[Supplied data — start]

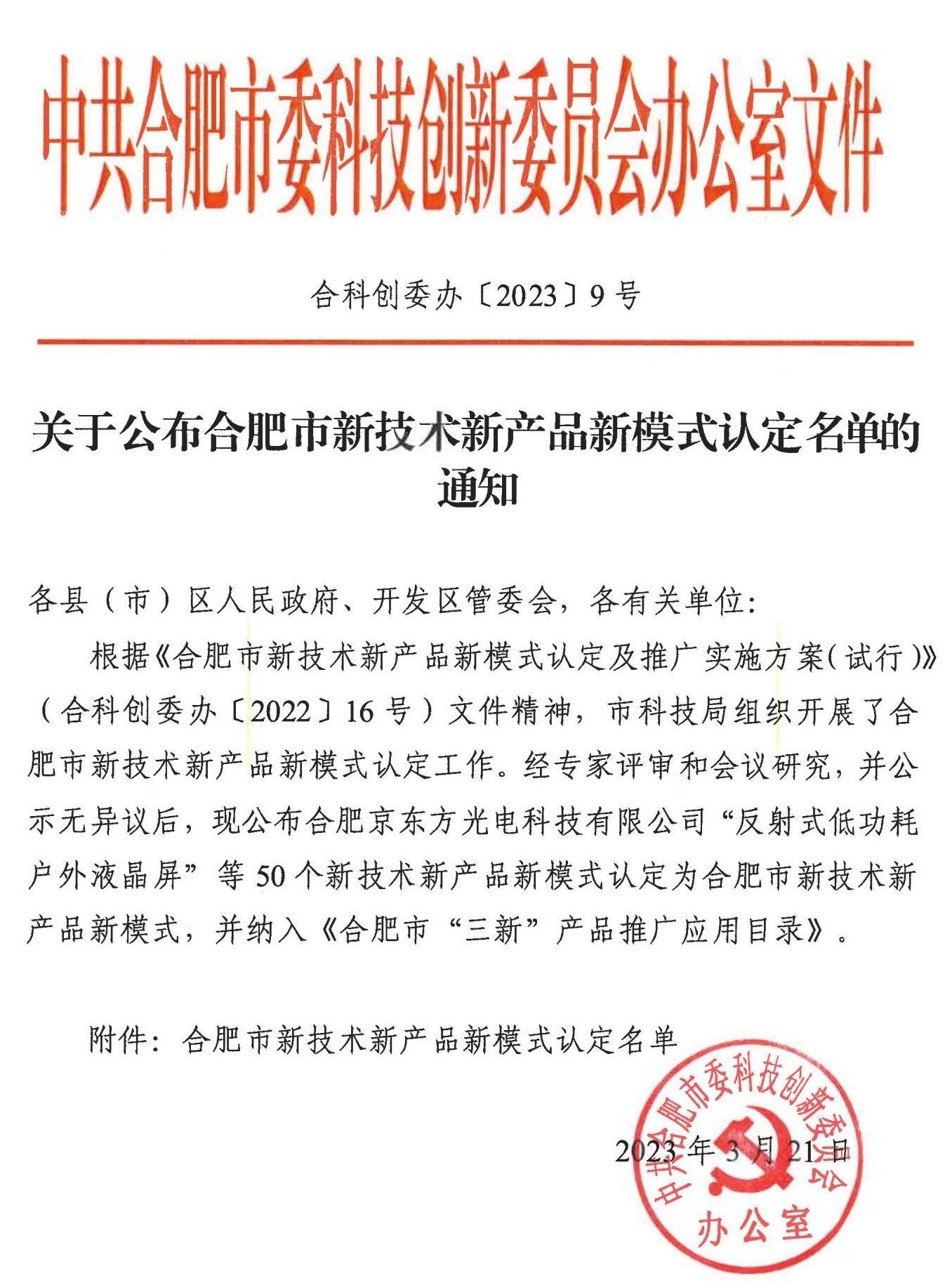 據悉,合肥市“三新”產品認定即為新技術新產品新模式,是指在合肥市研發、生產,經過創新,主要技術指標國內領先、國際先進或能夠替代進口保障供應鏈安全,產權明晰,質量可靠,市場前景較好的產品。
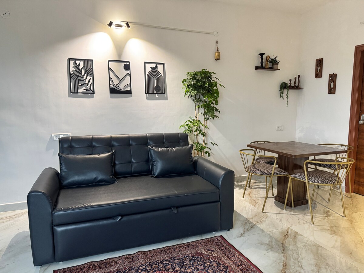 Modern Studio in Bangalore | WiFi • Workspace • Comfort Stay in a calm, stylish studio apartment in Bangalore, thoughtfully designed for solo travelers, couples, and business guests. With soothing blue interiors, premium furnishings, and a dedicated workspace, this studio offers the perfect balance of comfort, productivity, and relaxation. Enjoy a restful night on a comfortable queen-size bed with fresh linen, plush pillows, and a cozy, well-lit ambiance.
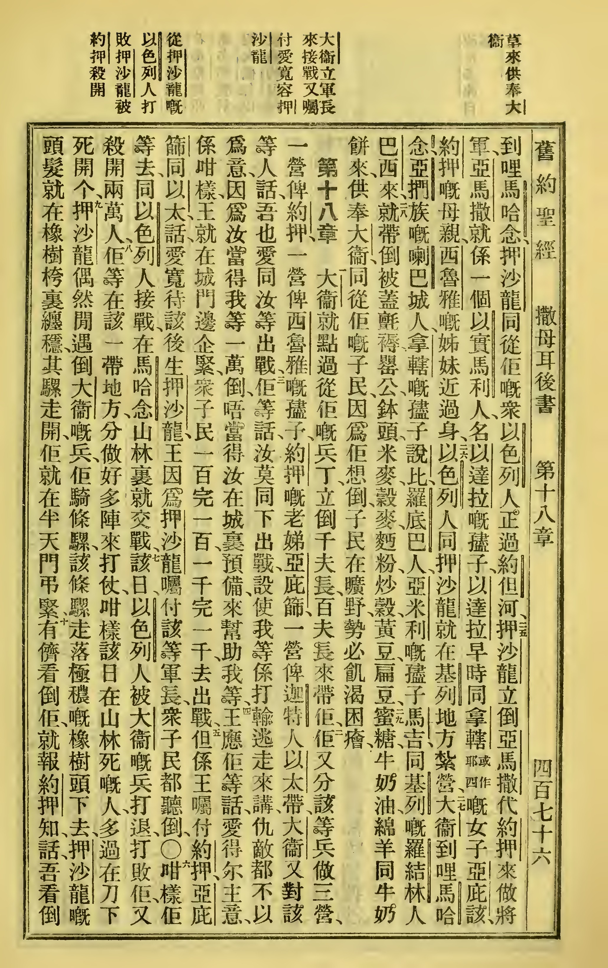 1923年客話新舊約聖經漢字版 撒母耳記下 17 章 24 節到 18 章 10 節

[Supplied data — finish]

Exercise instructions: The listing is to be reproduced in full and exactly, except that its pictures are to be dropped.

Result of this task:
 據悉,合肥市“三新”產品認定即為新技術新產品新模式,是指在合肥市研發、生產,經過創新,主要技術指標國內領先、國際先進或能夠替代進口保障供應鏈安全,產權明晰,質量可靠,市場前景較好的產品。
 Modern Studio in Bangalore | WiFi • Workspace • Comfort Stay in a calm, stylish studio apartment in Bangalore, thoughtfully designed for solo travelers, couples, and business guests. With soothing blue interiors, premium furnishings, and a dedicated workspace, this studio offers the perfect balance of comfort, productivity, and relaxation. Enjoy a restful night on a comfortable queen-size bed with fresh linen, plush pillows, and a cozy, well-lit ambiance.
 1923年客話新舊約聖經漢字版 撒母耳記下 17 章 24 節到 18 章 10 節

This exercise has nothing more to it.